RSM Australia

Simplified Transfer Pricing Record Keeping (STPRK) options for loan

Tax Insights

On 11 September 2019, the ATO released an update to Practical Compliance Guideline (“PCG”) 2017/2, in respect of Simplified Transfer Pricing Record Keeping (“STPRK”) options for lower-risk transactions.

The changes relating to the safe harbour rate on “low-level” inbound and outbound loans, and now provide for 2.33% as the maximum rate for inbound loans and the minimum rate for outbound loans.

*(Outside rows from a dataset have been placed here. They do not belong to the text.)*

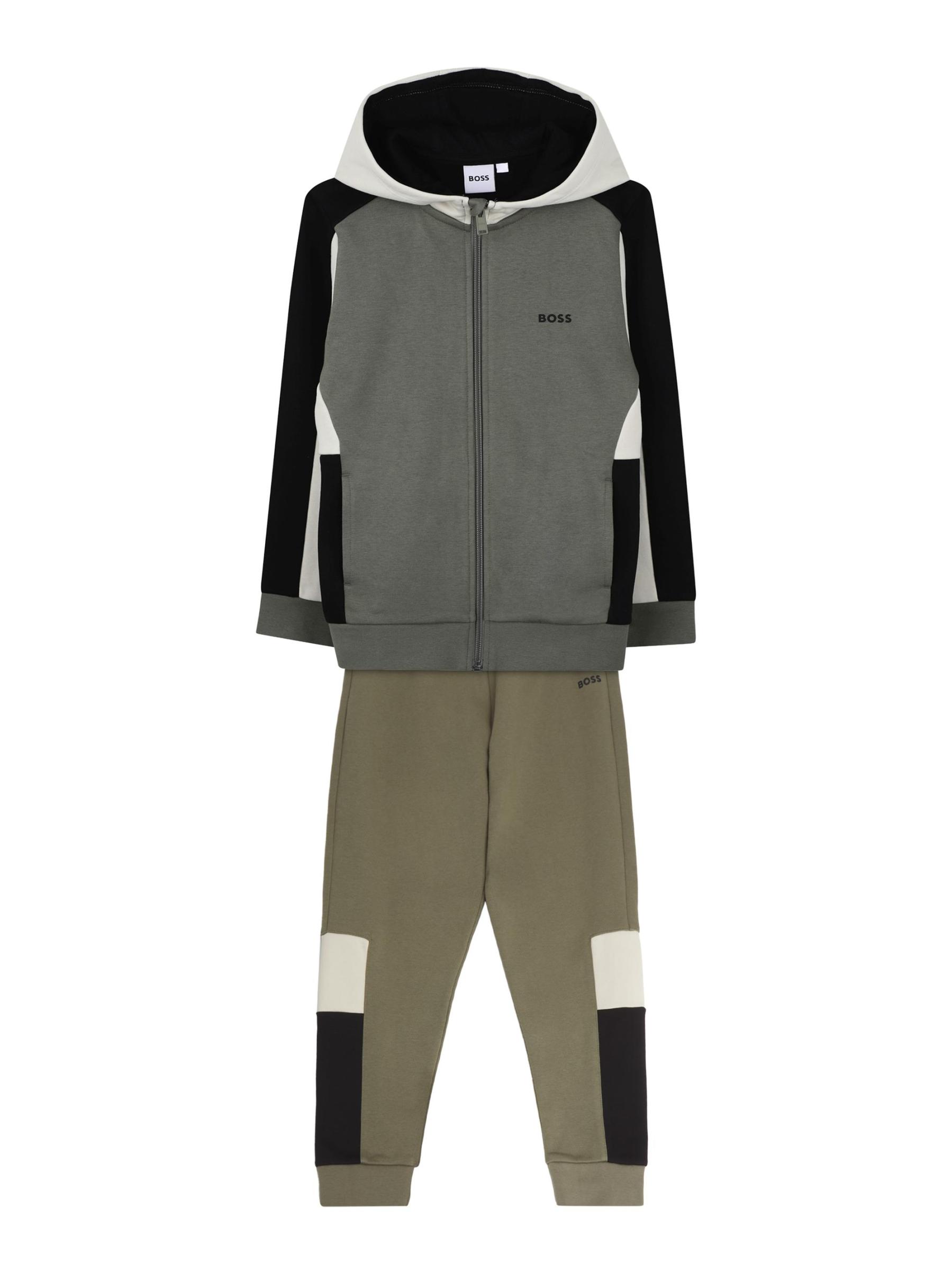 صُمم هذا البنطال الرياضي من BOSS من مزيج القطن والصوف، ويتميز بتصميم متعدد الألوان على الجانبين.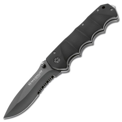 Tento taktický nástroj zvládne všechny mise! Modifikovaná 440 Spear čepel s efektivním dílčím zoubkovaným ostří pro hrubé zacházení! Linerlock poskytuje potřebné zabezpečení.Výraznější drážky na prsty na černé hliníkové rukojeti jsou pro vysokou úroveň bezpečnosti a pro všechny řezání úkoly.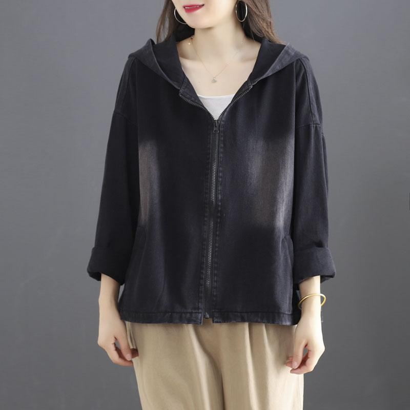 Jesienna Luźna Bluza Z Kapturem Bawełniany Krótki Płaszcz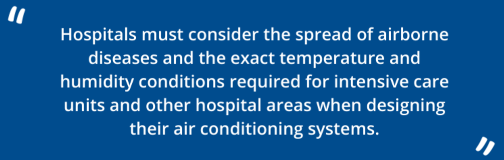 Air conditioning systems and HVAC systems, in general, are designed to create and maintain comfortable environments for buildings’ occupants. Hospital HVAC systems are also designed to keep employees, patients, and visitors comfortable.

The changes take effect in relation to the 2020 income year. As such, for 30 June balance-date entities, this change has apparently already applied since 1 July 2019. For 31 December year-ends, the change will take effect from 1 January 2020. STPRK

This represents a further reduction from the rate for the 2019 income year, which was 3.76%, with the rate for the year immediately before that being 6.45% (again as both maximum rates for inbound loans and minimum rates for inbound loans).

Low-Level Inbound Loans

By way of recap, to qualify for the STPRK option in relation to “low-level” inbound loans, an Australian taxpayer must satisfy the following criteria:

1. A combined cross-border loan balance of A$50 million or less for its Australian economic group at all times throughout the year

2. For each of its inbound loans:

  • the interest rate is no more than the following rate for each of the income years which the loan is in effect (3.76% in the 2019 income year, 2.33% in the 2020 income year)
  • the funds actually provided under the loan are AUD funds and this is reflected in the loan agreements, and
  • associated expenses are paid in AUD

3. No “sustained losses’ (i.e. no losses in the year in question as well as the two prior years)

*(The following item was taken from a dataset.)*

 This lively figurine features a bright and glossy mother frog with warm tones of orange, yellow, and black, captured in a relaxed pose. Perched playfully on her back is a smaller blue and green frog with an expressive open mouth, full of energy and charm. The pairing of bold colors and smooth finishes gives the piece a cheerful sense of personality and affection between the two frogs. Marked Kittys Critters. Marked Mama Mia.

4. No “restructure” within the year in question (i.e. no transfer of functions, assets or risks to an international related party), and

5. Compliance with the transfer pricing rules has been assessed.

Low-Level Outbound Loans

To qualify for the STPRK option in relation to “low-level” outbound loans, an Australian taxpayer must satisfy the same criteria, with the applicable interest rates as specified becoming minimum rates, rather than maximum rates.


The STPRK options are intended to reduce the compliance burden for groups which are seen to bear a low risk of transfer mispricing. The trade-off is that the qualifying for STPRK can involve meeting a bar which presents a very low-risk from an Australian perspective.

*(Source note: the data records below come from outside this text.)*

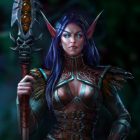 a formidable character. The background gives an impression of a mystical or otherworldly environment, fitting the fantasy theme of the image.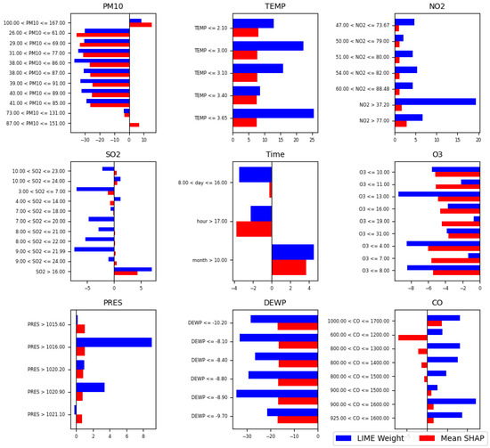 For this reason, in Figure 4, a comparison of LIME and SHAP values is presented, taking into account different conditions (features and feature value ranges) used in a predictive model, therefore identifying how each feature contributes to the model’s output. The y-axis lists specific conditions or value ranges for our environmental features (e.g., SO2, PM10, CO, and TEMP), while the x-axis shows their corresponding influence values: blue bars represent LIME weights, and red bars represent mean SHAP values across all stations on average. Several key features show strong agreement between LIME and SHAP, both in direction (positive or negative) and approximate magnitude. For example, “TEMP ≤ 3.65”, “TEMP ≤ 3.10”, and “TEMP ≤ 3.00” have consistently high positive values in both LIME and SHAP, indicating that low temperature conditions are strongly associated with increased PM2.5 concentration estimations both locally (individual cases) and globally (on average across the dataset). Similarly, high PM10 levels (e.g., “38.00 < PM10 ≤ 86.00”, “39.00 < PM10 ≤ 91.00”) also show a strong positive influence in both methods, marking them as significant predictors.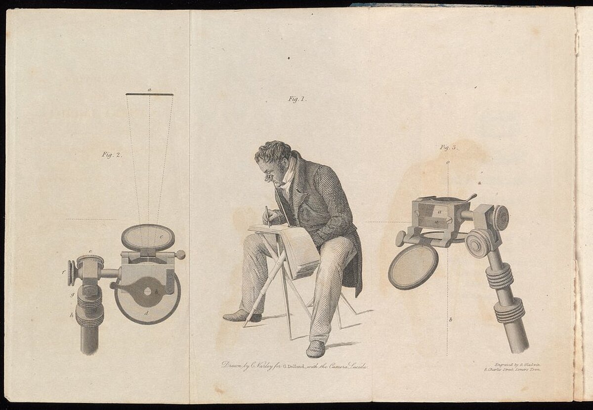 Dažus gadu desmitus pirms vēl tika izgudrota fotogrāfija, angļu ķīmiķis Sers Viljams Haids Volstons (Sir William Hyde Wollaston) zīmētgribētājiem un citiem apkārtredzamā atainotājiem lietošanā piedāvāja aparātu, kuru 1806. gadā patentēja kā “zīmēšanai perspektīvē vai attēla, zīmējuma kopēšanai pamazinātā formā”. Pats izgudrotājs 1807. gadā to pārsauca par Camera Lucida (pretēji Camera Obscura). Mazā, viegli pārnēsājamā un arī pieejamā optiskā ierīce tolaik sastāvēja no metāla kājas, kuru varēja piestiprināt pie zīmēšanas galda, un tai varēja mainīt augstumu, bet pie kājas bija piestiprināta stikla prizma un lēca skatīšanai.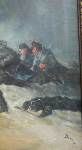Tabloul atacul de la smrdan are n prim plan soldai czui la pmnt, deasupra crora ali soldai se avnt n lupt, iar fundalul dominat de mbulzeala i fumul exploziilor spun n continuare povestea btliei.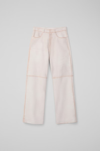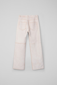 White cracked leather trousers sanded to reveal terracotta base color creating a unique, textured finish. Variations in sanding and any irregularities are not defects but natural characteristics of the material. Features Material Sheep leather Color White Size and Fit - Relaxed fit - Mid-rise - Full length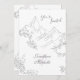 This mountain wedding invitation features a simple line drawing of mountains, branches and flowers. It is done in grey, white and a soft lilac ampersand. ^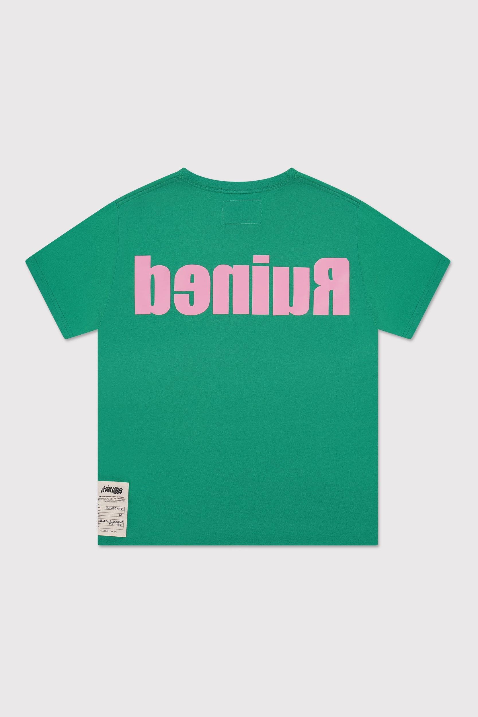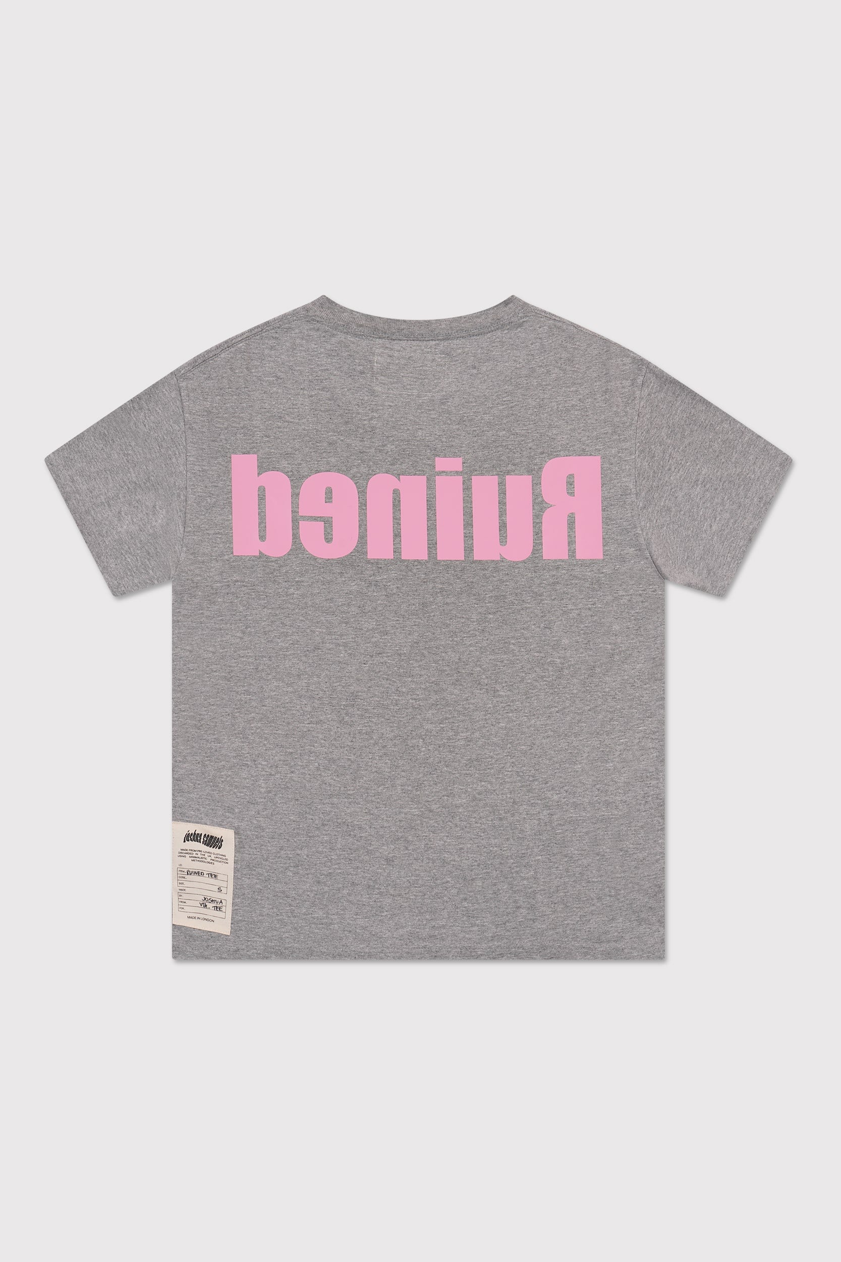 Cropped raw to a considered, flattering length, each tee is adorned with our ‘Ruined’ graphic, printed on the front, and printed wrong on the back.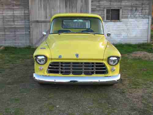 Up for auction is My 55 Chevy with a clean and clear title. This truck was completely restored 10 years ago and then gone through again last summer (upgraded). I drove it daily last summer, it a nice little classic cruiser. The small block V8 is from a 68 Impala and has a ton of performance mods, The transmission is a Turbo 400 and the rear end is a 10 bolt with air shocks. The front end was done right and is off a 70's Camaro. It has power disc, power steering and tilt wheel. Staggered 20" wheels, upgraded wiring harness including points conversion. All the switches, lights, gauges, dvd/stereo system things, are all brand new from last summer. Also the stainless and all the chrome are brand new bought and put on last summer.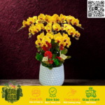 Chậu lan hồ điệp vàng nhụy đỏ 9 cành mang ý nghĩa “Phú Quý Vĩnh Cửu – Uy Quyền Đỉnh Cao”.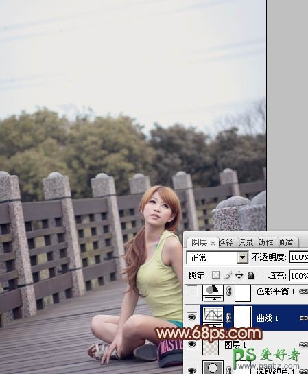 5、创建曲线调整图层,对蓝色进行调整,参数设置如图9,效果如图10。这一步增加暗部蓝色。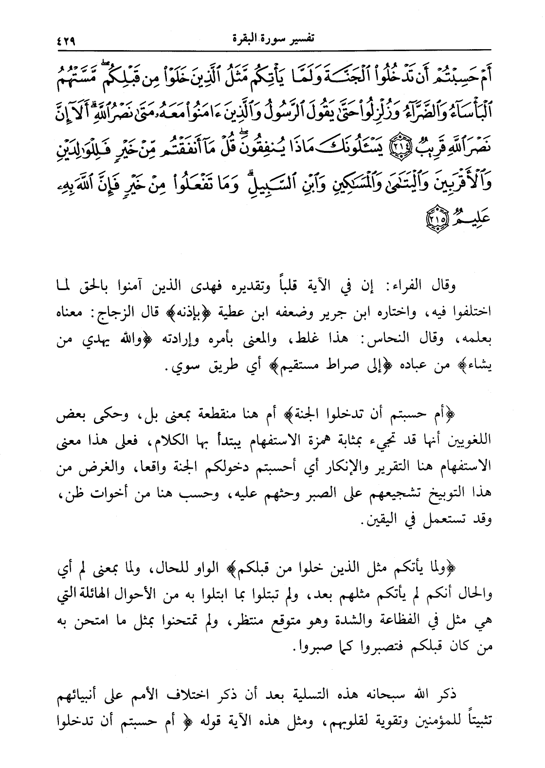 أَمْ حَسِبْتُمْ أَنْ تَدْخُلُوا الْجَنَّةَ وَلَمَّا يَأْتِكُمْ مَثَلُ الَّذِينَ خَلَوْا مِنْ قَبْلِكُمْ مَسَّتْهُمُ الْبَأْسَاءُ وَالضَّرَّاءُ وَزُلْزِلُوا حَتَّى يَقُولَ الرَّسُولُ وَالَّذِينَ آَمَنُوا مَعَهُ مَتَى نَصْرُ اللَّهِ أَلَا إِنَّ نَصْرَ اللَّهِ قَرِيبٌ (214) يَسْأَلُونَكَ مَاذَا يُنْفِقُونَ قُلْ مَا أَنْفَقْتُمْ مِنْ خَيْرٍ فَلِلْوَالِدَيْنِ وَالْأَقْرَبِينَ وَالْيَتَامَى وَالْمَسَاكِينِ وَابْنِ السَّبِيلِ وَمَا تَفْعَلُوا مِنْ خَيْرٍ فَإِنَّ اللَّهَ بِهِ عَلِيمٌ (215)

Given Australia’s status as a net capital importer, this change is anticipated to have a broader practical impact for inbound loans, than it will for outbound loans.

In this regard, the potential concern is that what may be seen as low-risk from an Australian perspective, could well be seen as high-risk from the perspective of the foreign jurisdiction of the counterparty. Will foreign revenue authorities regard an interest rate of 2.33% on interest income as sufficient? Or will they seek a rate that adheres to, or at least comes close to, the arm’s length lending rates? By way of illustration, current headline retail lending rates for small businesses tend to be at least 5%. grey_illustration_asset_64x.png

There is a retrospective element to the application of this rate, for the year ending 30 June 2020. Hopefully, the ATO will accept a practical approach for 30 June year-end groups wishing to comply with the reduced 2.33% rate in the current year.

For inbound taxpayers who are reluctant to reduce their rate to 2.33%, it is important to note that the STPRK options are not requirements that must be adhered to, and non-compliance with the STPRK options does not mean that a taxpayer’s transfer pricing position is incorrect, as the ATO confirms. It merely means that such taxpayers will need to satisfy the more detailed transfer pricing documentation requirements (particularly as set out in Subdivision 284-E of Schedule 1 to the Taxation Administration Act 1953, as overlaid by ATO guidance in Taxation Ruling TR 2014/8) – if they are to have a documented transfer pricing position.

This will typically involve a degree of benchmarking and the preparation of more fulsome documentation substantiating the rationale for the arrangements, particularly in the light of the earlier Chevron decision.